European buyers dominated Central London’s commercial property market in the third quarter of 2018, according to a new Knight Frank survey which underlines investor appetite from the continent.
Accounting for almost 40 per cent of Central London’s market share by price, buyers from across Europe are on course to exceed their 10-year average levels of investment of €155bn (£138bn) by the end of 2018.
More than 20 per cent of the 155 European real estate investors surveyed by Knight Frank also identified the UK as their preferred investment market this year, rising from 11.9 per cent in 2017.
Germany, which was named by 28.5 per cent of investors in 2017 as their primary target market, fell to 12.2 per cent this year.
Chris Bell, European managing director at Knight Frank, said: “While 2018 European investment volumes will be slightly down year-on-year this reflects an exceptional year in 2017 buoyed by a number of portfolio deals, rather than any softening in investor demand.

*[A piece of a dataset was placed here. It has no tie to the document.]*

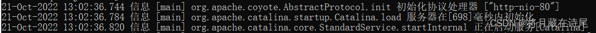 21-Oct-2022 13:41:57.148 嚴重 [main] org.apache.catalina.util.LifecycleBase.handleSubClassException 初始化組件[Connector[HTTP/1.1-8080]]失敗。org.apache.catalina.LifecycleException: 協議處理程序初始化失敗at org.apache.catalina.connector.Connector.initInternal(Connector.java:1055)at org.apache.catalina.util.LifecycleBase.init(LifecycleBase.java:136)at org.apache.catalina.core.StandardService.initInternal(StandardService.java:556)at org.apache.catalina.util.LifecycleBase.init(LifecycleBase.java:136)at org.apache.catalina.core.StandardServer.initInternal(StandardServer.java:1045)at org.apache.catalina.util.LifecycleBase.init(LifecycleBase.java:136)at org.apache.catalina.startup.Catalina.load(Catalina.java:747)at org.apache.catalina.startup.Catalina.load(Catalina.java:769)at sun.reflect.NativeMethodAccessorImpl.invoke0(Native Method)at sun.reflect.NativeMethodAccessorImpl.invoke(NativeMethodAccessorImpl.java:62)at sun.reflect.DelegatingMethodAccessorImpl.invoke(DelegatingMethodAccessorImpl.java:43)at java.lang.reflect.Method.invoke(Method.java:498)at org.apache.catalina.startup.Bootstrap.load(Bootstrap.java:305)at org.apache.catalina.startup.Bootstrap.main(Bootstrap.java:475)Caused by: java.net.BindException: Address already in use: bindat sun.nio.ch.Net.bind0(Native Method)at sun.nio.ch.Net.bind(Net.java:433)at sun.nio.ch.Net.bind(Net.java:425)at sun.nio.ch.ServerSocketChannelImpl.bind(ServerSocketChannelImpl.java:223)at org.apache.tomcat.util.net.NioEndpoint.initServerSocket(NioEndpoint.java:246)at org.apache.tomcat.util.net.NioEndpoint.bind(NioEndpoint.java:201)at org.apache.tomcat.util.net.AbstractEndpoint.bindWithCleanup(AbstractEndpoint.java:1192)at org.apache.tomcat.util.net.AbstractEndpoint.init(AbstractEndpoint.java:1205)at org.apache.coyote.AbstractProtocol.init(AbstractProtocol.java:583)at org.apache.coyote.http11.AbstractHttp11Protocol.init(AbstractHttp11Protocol.java:79)at org.apache.catalina.connector.Connector.initInternal(Connector.java:1052)... 13 more

Bell added: “Indeed, there is a huge weight of capital to be allocated to European real estate, including an unprecedented level of private equity dry powder, and a growing pool of private wealth. The question is where it will be deployed.”
The survey also found that more investors viewed specialist assets such as healthcare and student accommodation as the most attractive asset class than any other for the first time, pipping industrial stocks to the top spot.
However, European investors were split on how demand for UK assets would be impacted in the mid-term after Brexit, with over half anticipating a reduction in investor demand over the next three to five years, while a third of investors forecasted a rise in demand for UK assets.